Use the Data Science CLI to create a job as in this example:

  1. Create a job with:
    oci data-science job create \
    --display-name <job_name>\
    --compartment-id <compartment_ocid>\
    --project-id <project_ocid> \
    --configuration-details file://<jobs_configuration_json_file> \
    --infrastructure-configuration-details file://<jobs_infrastructure_configuration_json_file> \
    --log-configuration-details file://<optional_jobs_infrastructure_configuration_json_file>
    
  2. Use this jobs configuration JSON file:
    {
      "jobType": "DEFAULT",
      "environmentVariables": {
            "CONTAINER_CUSTOM_IMAGE": "dsmc://odsc-ml-monitoring-application:<version>"
      }
    }
    
  3. Use this jobs infrastructure configuration JSON file:
    {
      "jobInfrastructureType":"ME_STANDALONE",
      "shapeName": "<shape_name>",
      "blockStorageSizeInGBs": "block_storage_size_in_GBs"
    }
    
  4. (Optional) Use this jobs logging configuration JSON file:
    {
      "enableLogging": true,
      "enableAutoLogCreation": true,
      "logGroupId": "<log_group_ocid>"
    }
    
  5. Create a job run with:
    oci data-science job-run create \
    --display-name <job_name>\
    --compartment-id <compartment_ocid>\
    --project-id <project_ocid> \
    --job-id <job_ocid> \
    --configuration-override-details file://<jobs_override_configuration_json_file>
    
  6. Use this job run override configuration JSON file:
    {
      "jobType": "DEFAULT",
      "environmentVariables": {
            "CONFIG_LOCATION": "<HTTP_LOCATION_OF_OCI_STORAGE_APPLICATION_CONFIG_FILE_PATH>"
            "RUNTIME_PARAMETER": "{"ACTION_TYPE":"RUN_CONFIG_VALIDATION"}"
      }
    }
    

API

The ADS SDK is also a publicly available Python library that you can install with this command:

pip install oracle-ads

It provides the wrapper that makes the creation and running jobs from notebooks or on your client machine easy.

Use the ADS SDK to create job and run jobs

job_and_job_run_example.py
import ads
import os
from ads.jobs import Job, DataScienceJob, PythonRuntime

# Setting OCI_ODSC_SERVICE_ENDPOINT
os.environ['OCI_ODSC_SERVICE_ENDPOINT'] = 'https://datascience-int.us-ashburn-1.oci.oc-test.com'

def create_job_and_job_run():
        rp_version = os.environ.get("OCI_RESOURCE_PRINCIPAL_VERSION", "UNDEFINED")
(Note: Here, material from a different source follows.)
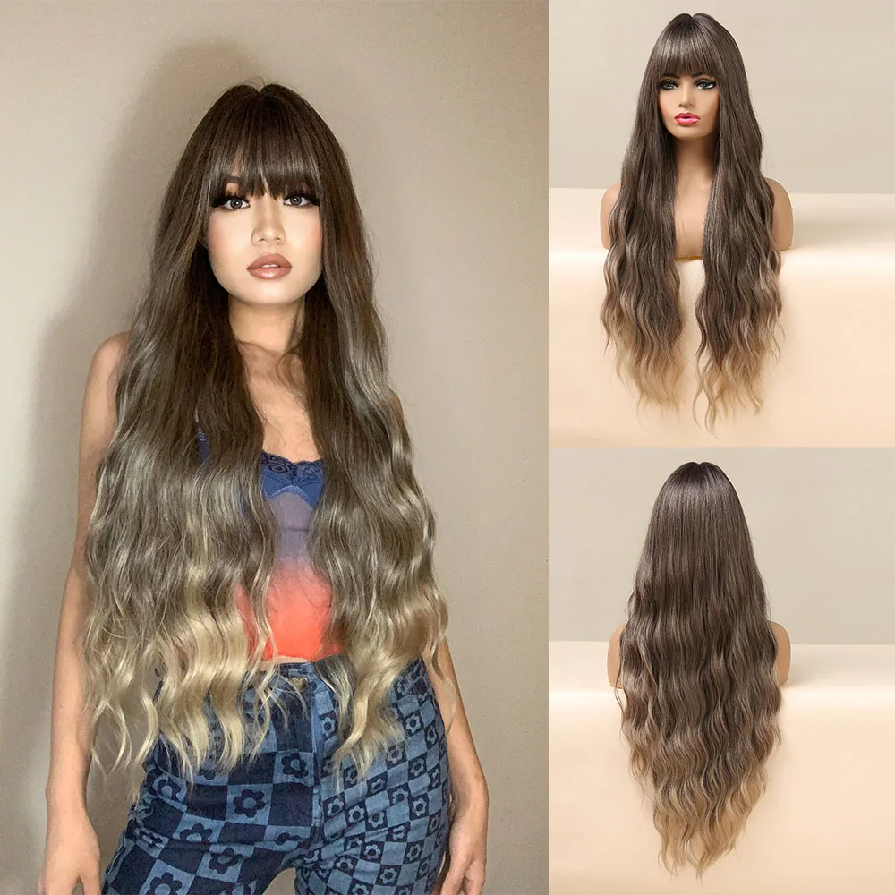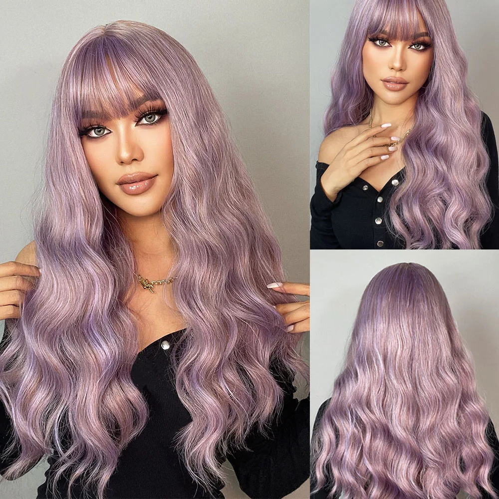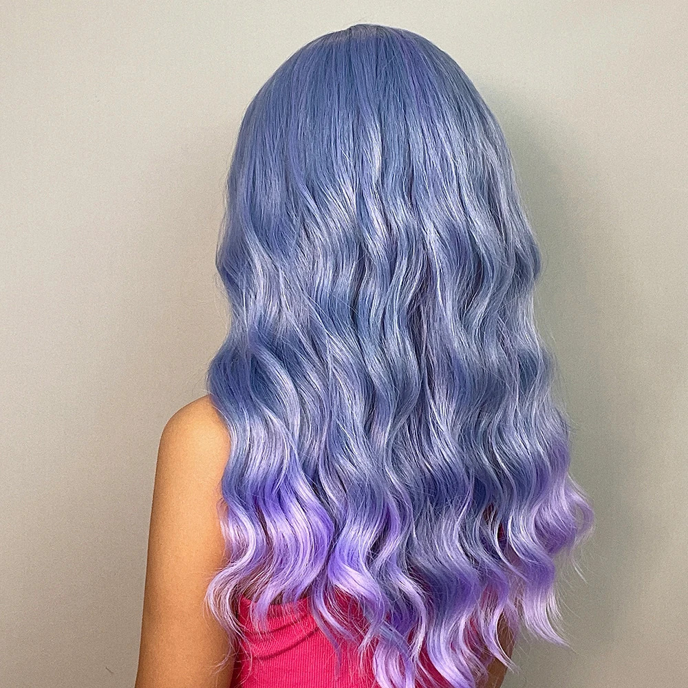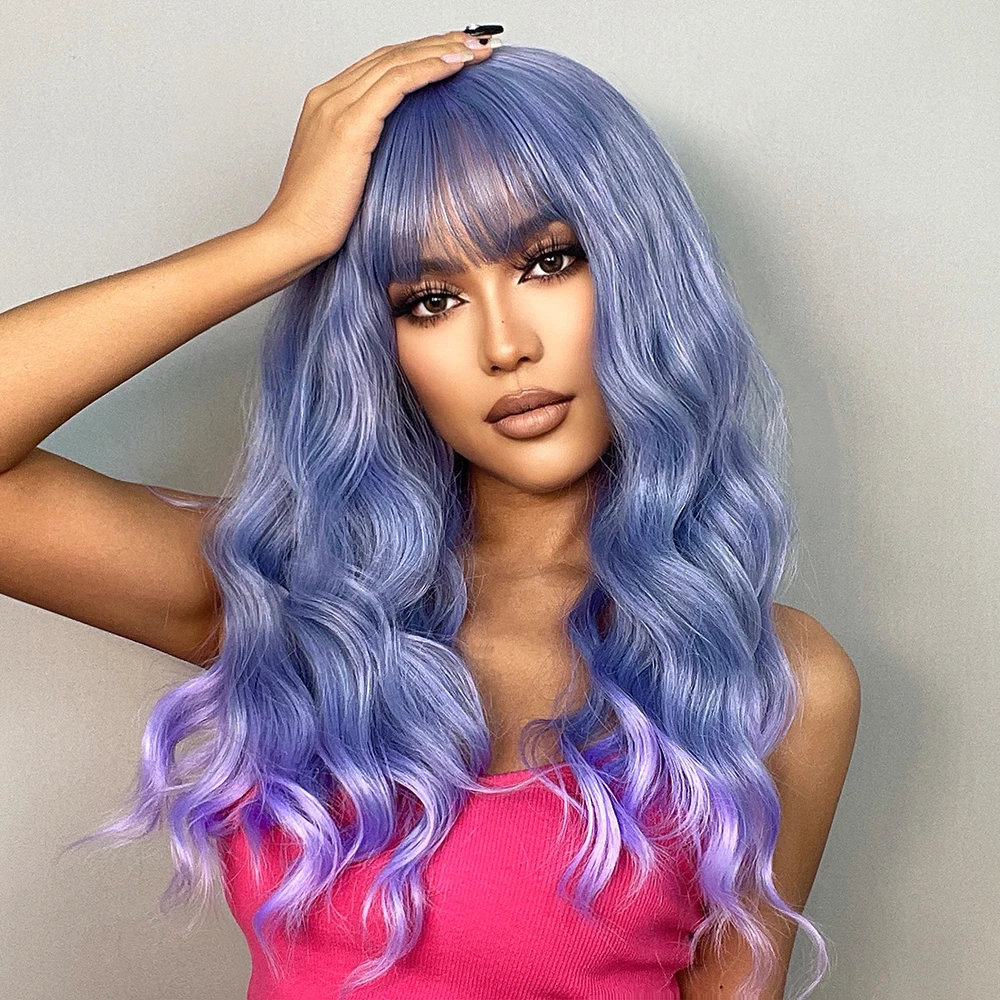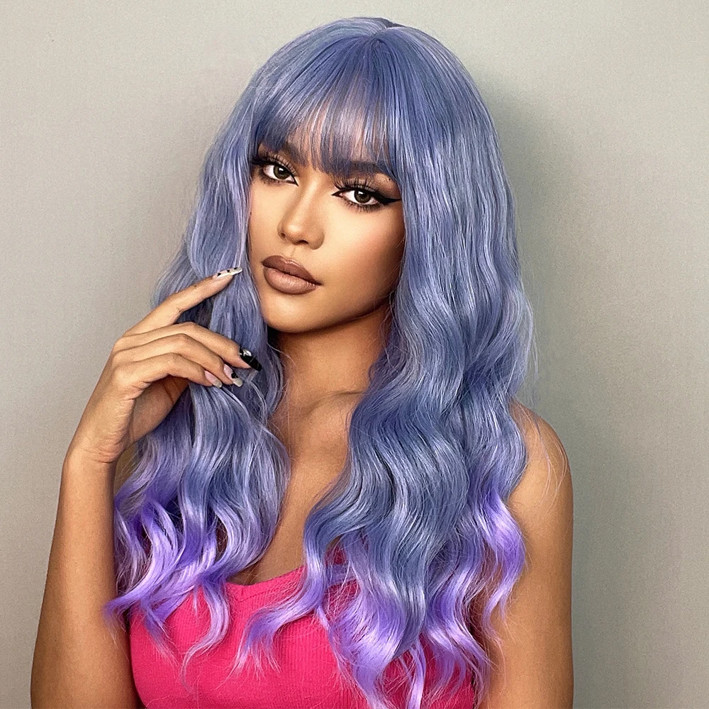 Парик для косплея и вечеринки Генри маргу, Синтетические длинные волосы Лолиты с волнистыми синими и фиолетовыми Омбре для женщин, парики из афро-волос с челкой, термостойкие
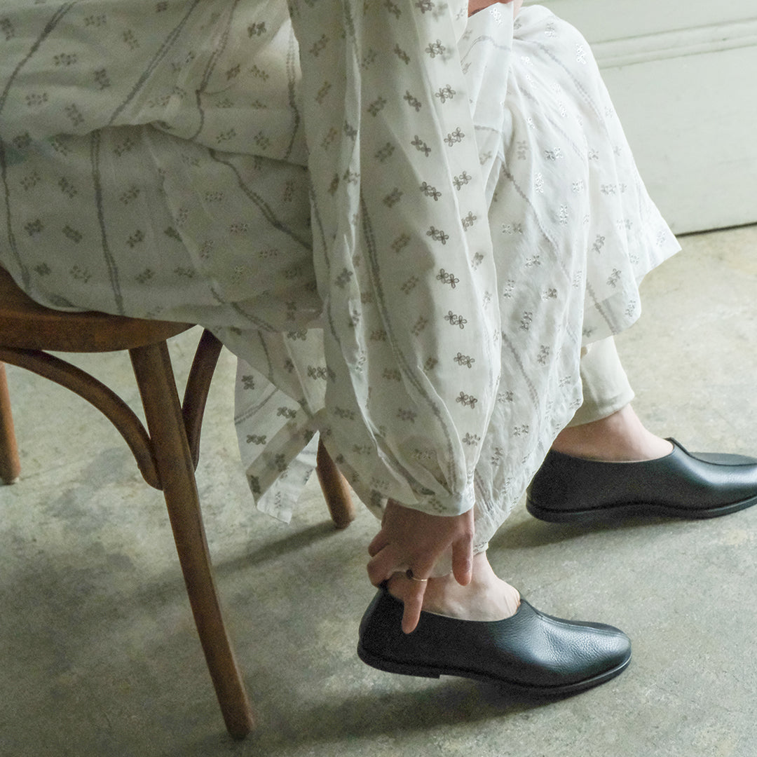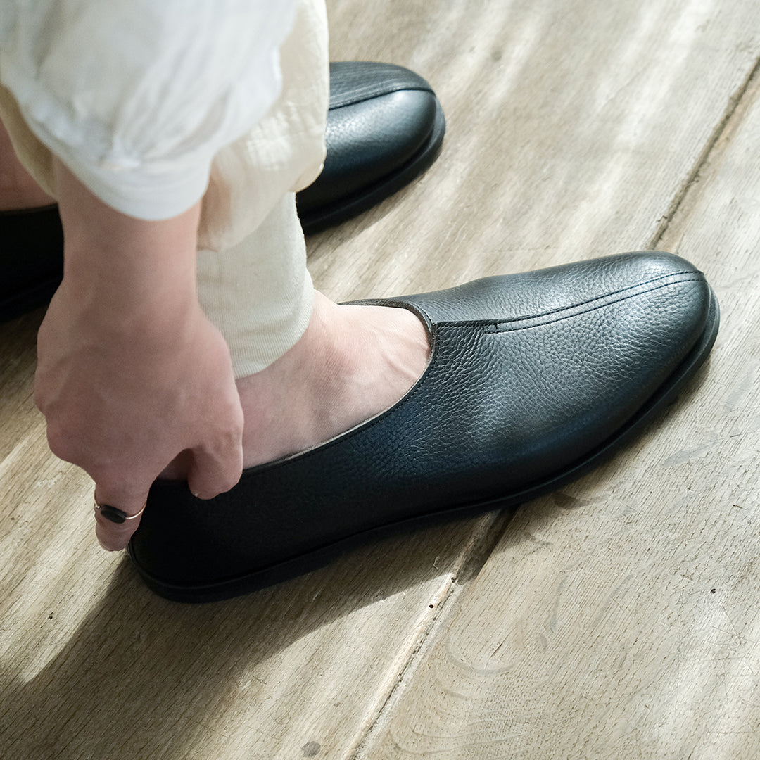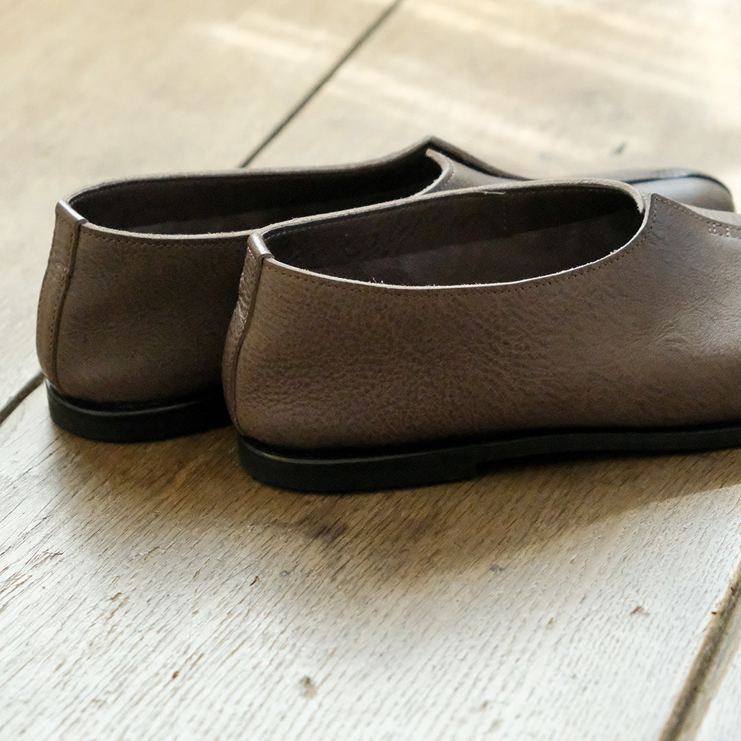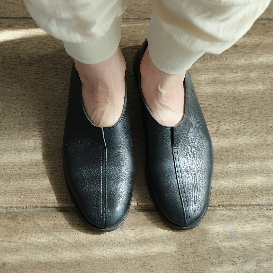 デザインはAUTTAAの定番、外でも履ける「ルームシューズ2」と通じるものがありますが、こちらは芯材を入れてよりしっかりときちんとした感じ。お出かけ向きに仕上げられています。

        # Setting authentication

        # Setting local authentication
        if not rp_version or rp_version == "UNDEFINED":
                ads.set_auth("security_token", oci_config_location="~/.oci/config", profile="DEFAULT")
        else:
                # Setting Resource Principal authentication
                ads.set_auth("resource_principal")

        job = (
                Job(name="Job_creation_using_Ads")
                        .with_infrastructure(
                        DataScienceJob()
                                .with_compartment_id(COMPARTMENT_OCID)
                                .with_project_id(PROJECT_OCID)
                                .with_job_type('DEFAULT')
                                .with_shape_name("SHAPE_NAME")
                                .with_block_storage_size(BLOCK_STORAGE_SIZE)
                                .with_log_group_id(LOG_GROUP_OCID)
                                .with_job_infrastructure_type('ME_STANDALONE')
                )
                        .with_runtime(
                        PythonRuntime()
                                .with_environment_variable(CONTAINER_CUSTOM_IMAGE="dsmc://odsc-ml-monitoring-application:<version>")
                )
        )

        # Create Job
        job.create()

        # Create Job Run
        job_run = job.run(
                name="ML_Monitoring_Validation_Run_ads_1",
                env_var={
                        "CONFIG_LOCATION": "<HTTP_LOCATION_OF_OCI_STORAGE_APPLICATION_CONFIG_FILE_PATH>",
                        "RUNTIME_PARAMETER": "{\"ACTION_TYPE\":\"RUN_CONFIG_VALIDATION\"}"
                }
        )

Terraform

Use the Data Science Create Job Terraform to create a job.

Use the Data Science Create Job Run Terraform to create a job run.